What does not feel stale at all this time around is the introduction of a third perspective, Richard’s estranged daughter, Cindy, a casino croupier and malcontent, who takes over the middle third of the book. On this read, Cindy strikes me as the most successful aspect of The Grand Tour. She’s the most original character, and she structurally provides respite from the bad male behavior that otherwise dominates the proceedings. Richard and Vance are, after all, two sides of the same coin, i.e. the coin of male ego and its attendant problems. That Vance’s ego is subdued and wounded makes it no less irritating.

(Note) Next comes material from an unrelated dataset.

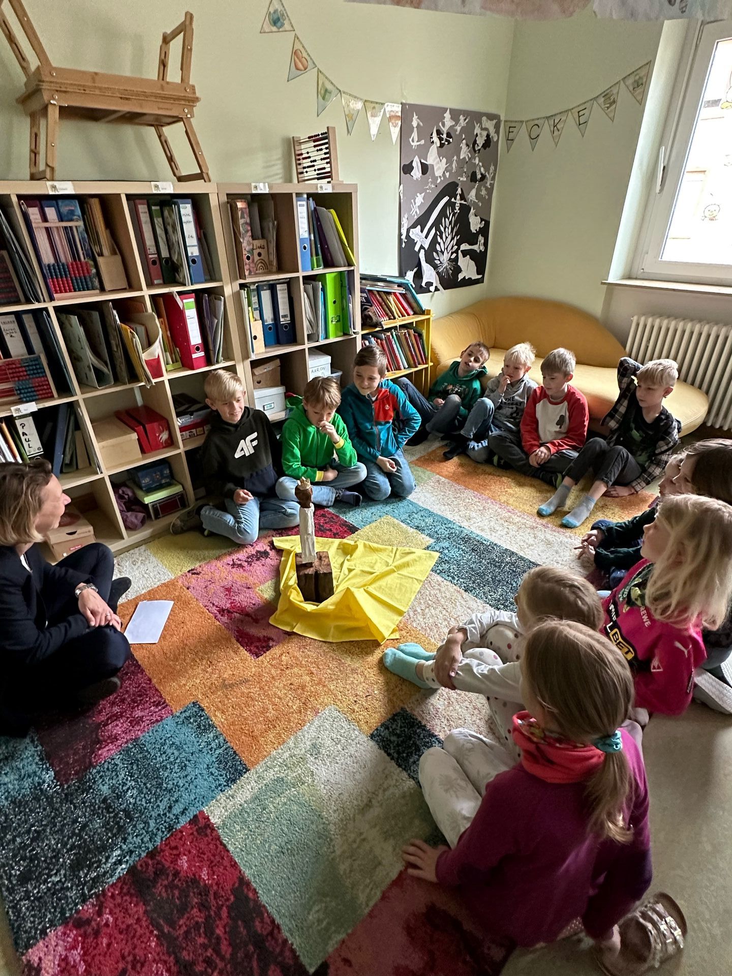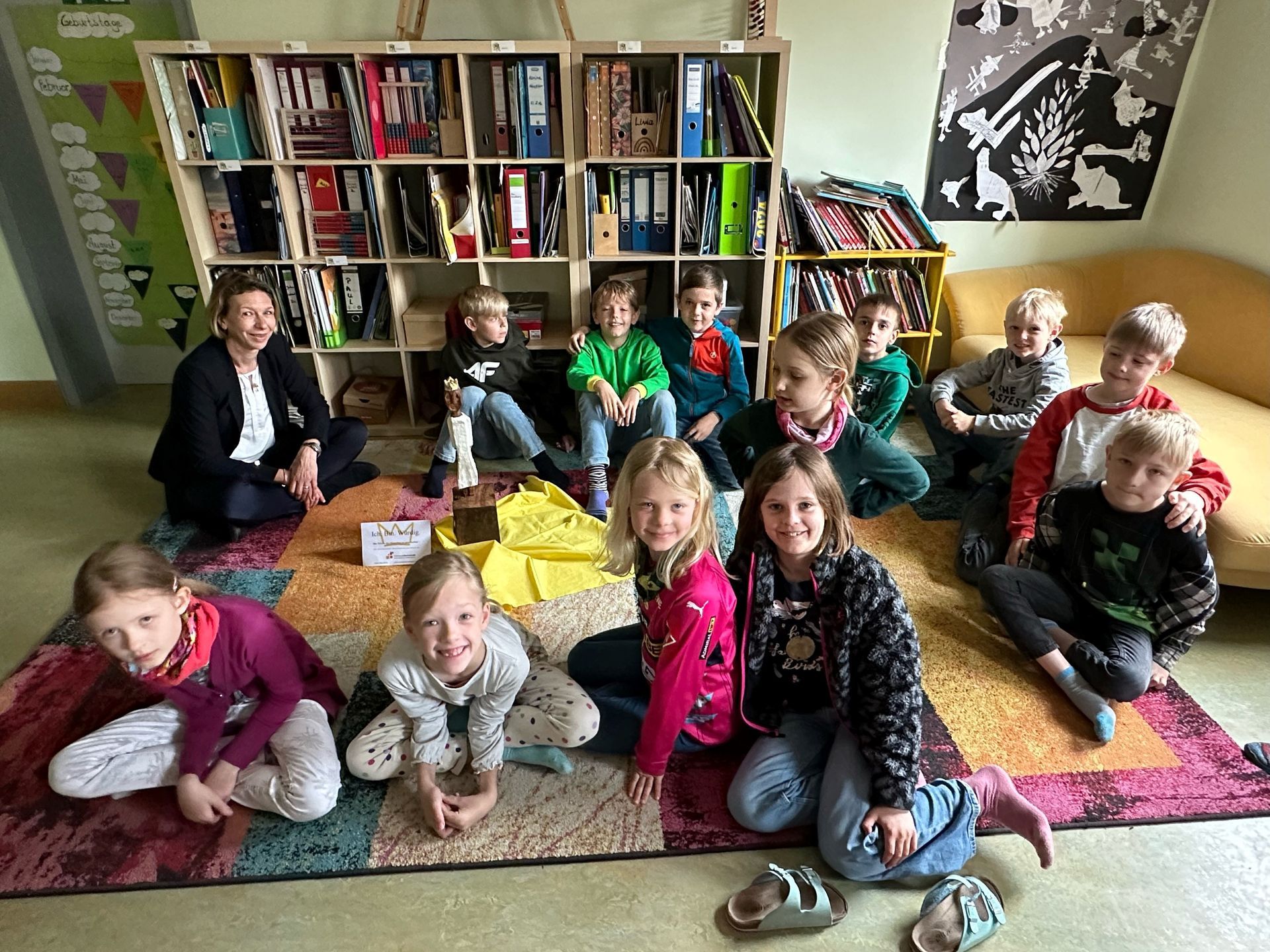 Am vergangenen Freitag besuchte Frau Dr. Kreusch von der Hauptabteilung II: Schulen, Hochschulen, Bildung des Bistums Speyer die Klasse 2a mit einer Königinnen Skulptur von Ralf Knoblauch

The novel’s awareness of these men as problematic and tiresome, and the section in which Cindy more or less destroys them—Vance sexually, Richard emotionally—elevates (I hope) the book above similar novels that simply find their male hero’s antics fascinating. Cindy makes her gleeful exit, disappearing into a street fair crowd, in one of the novel’s most memorable passages:

The Friday-night crowd swelled around her as she neared downtown—in front of the façade of a large art deco building, a stage was set up on which a bunch of paunchy white dudes mangled “Whipping Post.” People pushed past and she rejoiced in it, becoming part of the throng, the multitude … she wondered what someone watching her from above, looking at her face, might think. Would they know anything, be able to divine something about her, her life, or her mistakes? No. No one knows anything about anyone, she thought, and for the second time that day was struck by the feeling that she could start over—that nothing, in fact, would be easier. Denver, why not? She dragged her suitcase into the hot jostle, for the moment immensely pleased.    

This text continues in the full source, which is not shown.